The full resolution of data on two consecutive days of automatic IOP measurements is depicted in seven individual patients in online supplemental file 1. It reveals similar IOP trends between the 2 days, with generally a drop in IOP during the first half of the night period. There also appears a peak in the early morning around the time that patients awakened. The total number of automated measurements during overlapping hours ranged between 151 and 268 measurements, and differed between day 1 and day 2 by up to 24 measurements (online supplemental table 4). There were minimal differences in mean IOP between day 1 and day 2 among patients (online supplemental table 3), that did not reach significance at the group level (n=7). On average, time-pairs of IOP measurements on day 1 were slightly lower than on day 2 with a mean difference of 0.17 mm Hg (95% CI: −0.39 to 0.048 mm Hg, p=0.13, figure 1). The 95% limits of agreement were −8.2 to 7.8 mm Hg. SD and minimum IOP were also comparable on both days. In patients 2 and 5, a difference in maximum IOP of more than 10 mm Hg was observed between day 1 and day 2. Both peaks occurred during the night while patients reported to have been asleep. We observed the hourly IOP time-pairs on day 1 and day 2 to be significantly correlated at the group level (n=7; R=0.83, p<0.001) and at the individual level for four patients (1, 2, 6 and 7). A trend was observed in patients 4 and 5. No significant correlation was observed in patient 3 (figure 2, online supplemental t able 4).

Figure 1Figure 1Figure 1

Bland-Altman plot on IOP time-pairs of automatic measurements on day 1 and day 2. Each data point represents a value based on the automatic IOP measurement on day 1 and day 2 at the same time of day. The X-axis depicts the average of each time-pair. The Y-axis depicts the difference of each time-pair. On average, IOP measurements on day 1 were slightly lower than for day 2 with a mean difference of 0.17 mm Hg (based on 1311 measurements, 95% CI: −0.39 to 0.048 mm, p=0.13). The 95% limits of agreement were −8.2 to 7.8 mm Hg. IOP, intraocular pressure.

Figure 2Figure 2Figure 2

Correlation plots of hourly binned automatic IOP measurements on day 1 and day 2 on a group level (n=7) in the top left panel and for individual patients in the other panels. Line of identity depicted as an interrupted grey line, regression line depicted as a continuous blue line and 95% CI depicted in a light grey area. IOP, intraocular pressure.

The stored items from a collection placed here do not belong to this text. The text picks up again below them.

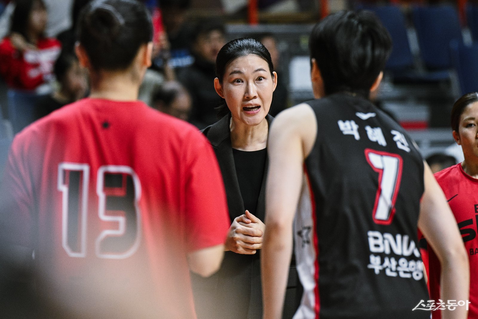 박정은 BNK 썸 감독이 14일 사직체육관에서 열린 하나은행전 도중 작전을 지시하고 있다. 사진제공|WKBL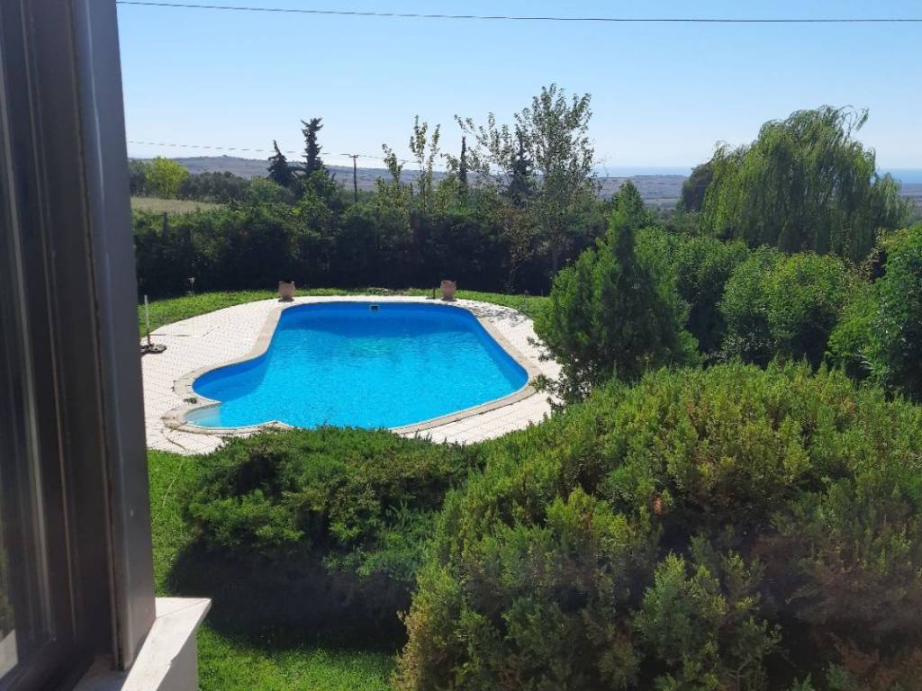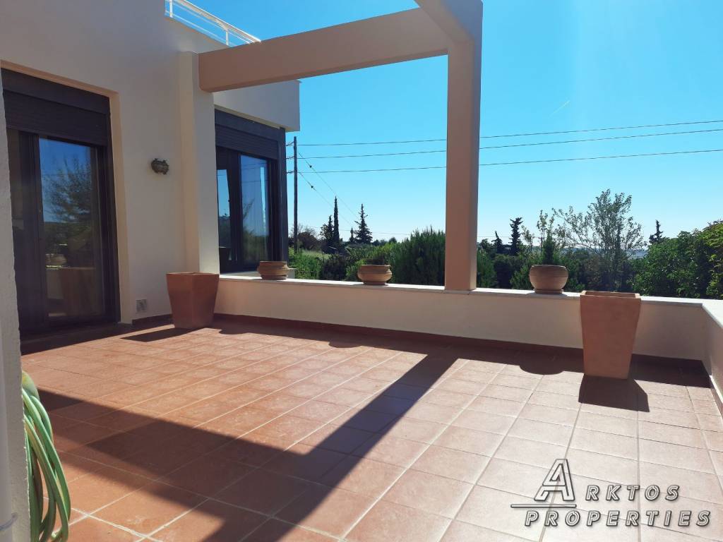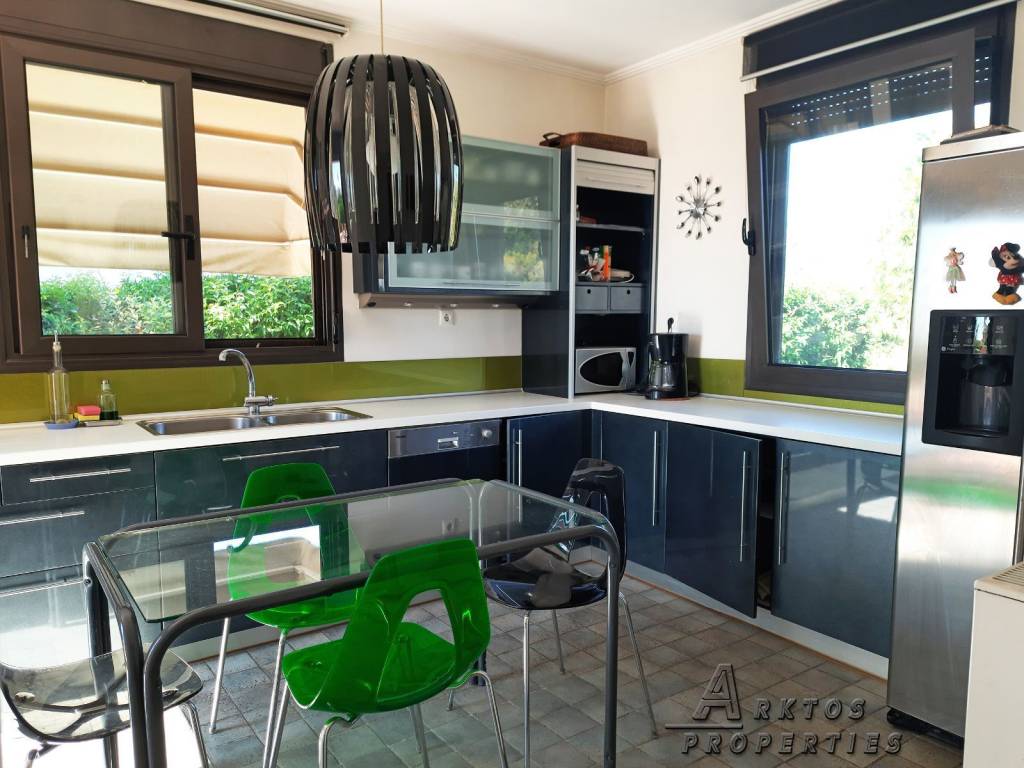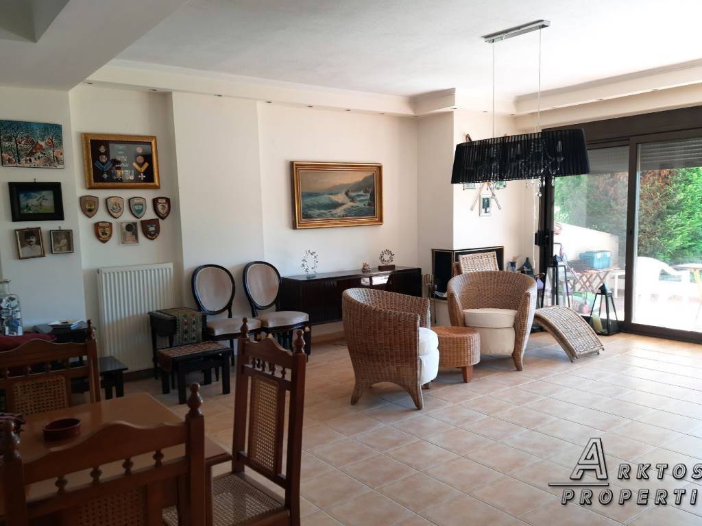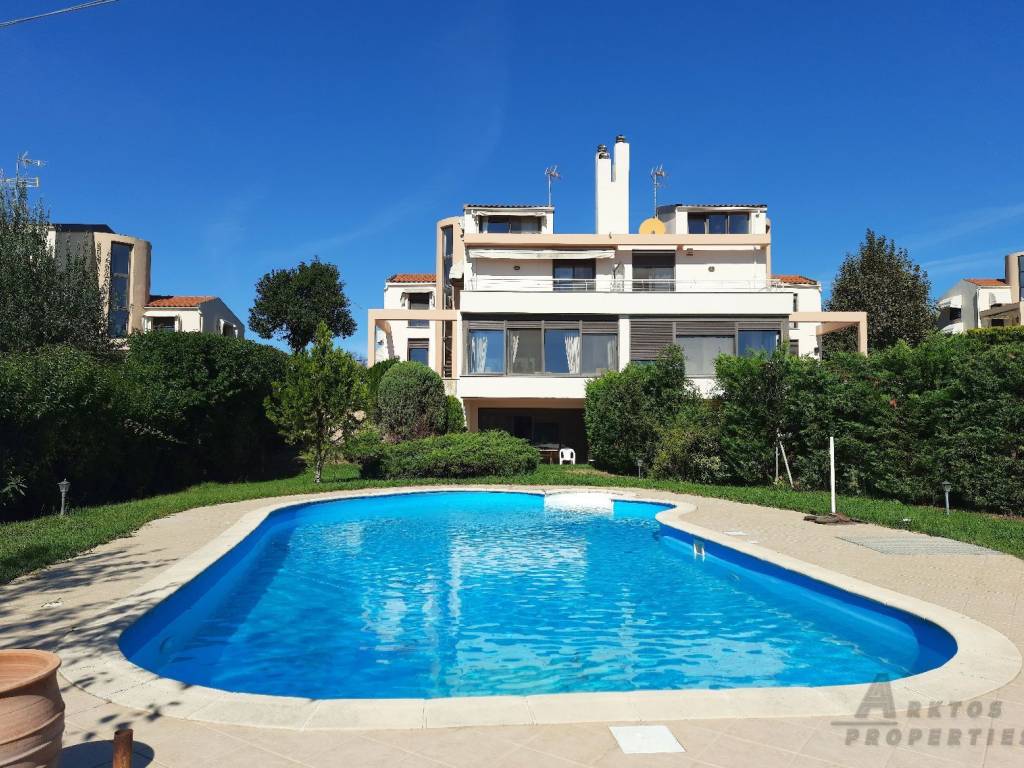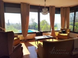 A luxurious maisonette for rent (UNFURNISHED), with a large yard and swimming pool, 2 private parking spaces (outdoor) and an exceptional view of both the mountains and the sea, located just outside Trilofos, Thessaloniki, in a rural area, specifically within a fenced complex of 8 residences with access from an asphalt road. The maisonette consists of a semi-basement/ground floor level that faces the back side of the property (south-facing with a view), an additional ground-floor level with entrance from the front side of the complex, a first floor, and an attic. There is an internal staircase connecting all floors, but the semi-basement/ground floor can also function as an independent apartment with its own entrance door. It is a through-light property, extremely bright with beautiful views from all floors. It features 5 bedrooms, 4 bathrooms, 2 kitchens, and 2 living rooms. It includes air conditioning, electrical appliances, individual heating with diesel, a garden water borehole, and an automatic sprinkler system. There are also balconies on all floors except the attic, as well as insect screens and awnings. The property is equipped with an alarm system. Property Code: TR1, The location pin on the map does not correspond to the exact position of the property. Contact Numbers: 6947304001 (Takis Atalla) 6939191183 (Maria Atalla) Arktos Properties, brokerage fee 2% + 24% VAT. For viewing the property, ID or Tax Number (A.F.M.) must be presented and recorded in the property viewing order.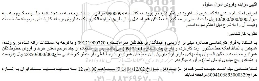 اجرای احکام مدنی دادگستری شاهرود در نظر دارد در پرونده کلاسه 9900093اجرایی با توجه به عدم تادیه مبلغ محکوم به ، به میزان10/000/000/000ریال بابت قسمتی از محکوم به خط تلفن همراه ذیل را از طریق مزایده الکترونیک به فروش برساند کارشناس مربوطه مشخصات وقیمت آن را به شرح ذیل اعلام نموده است.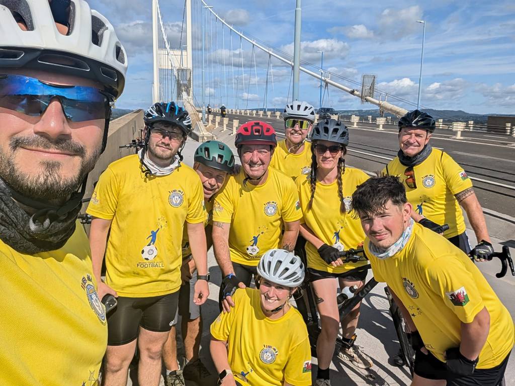 The cyclists were representing Margam Youth Centre Inclusion Stags, a team which promotes playing football for children with learning difficulties, physical difficulties, Cerebral Palsy, Autism, Downs Syndrome and children with low self-esteem and are the only club in Wales to provide framed football for children with mobility issues.
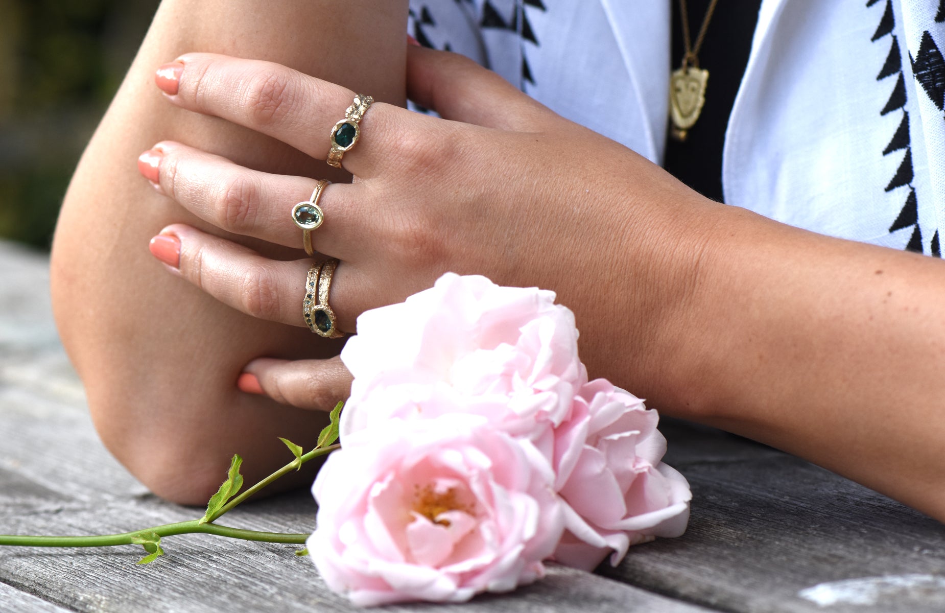 Inspired by the Hawthorn tree, this ring features a green tourmaline mounted onto a 9ct yellow gold band.

Patient 4 appeared to have higher IOP during the night on day 2 compared with day 1. The diary noted a later bedtime and a few more awakenings during the night on day 2. Patient 5 appeared to have higher IOP values on day 1 compared with day 2, mainly in the evening and early night period. There were no clear differences in the evening routine based on the diary notes. Patient 3 did not fill in the diary, hence we cannot extract differences in activities on day 1 and day 2.

Six patients performed and uploaded self-measurements after the study visit (all except patient 3). The total number of self-measurements during the 30 days ranged widely between individual patients (online supplemental table 5). Patient 5 collected 1236 self-measurements in the selected 30-day period, including the night period. In contrast, patient 7 only collected 19 self-measurements and tended to measure around two time points per day (08:00 and 20:00).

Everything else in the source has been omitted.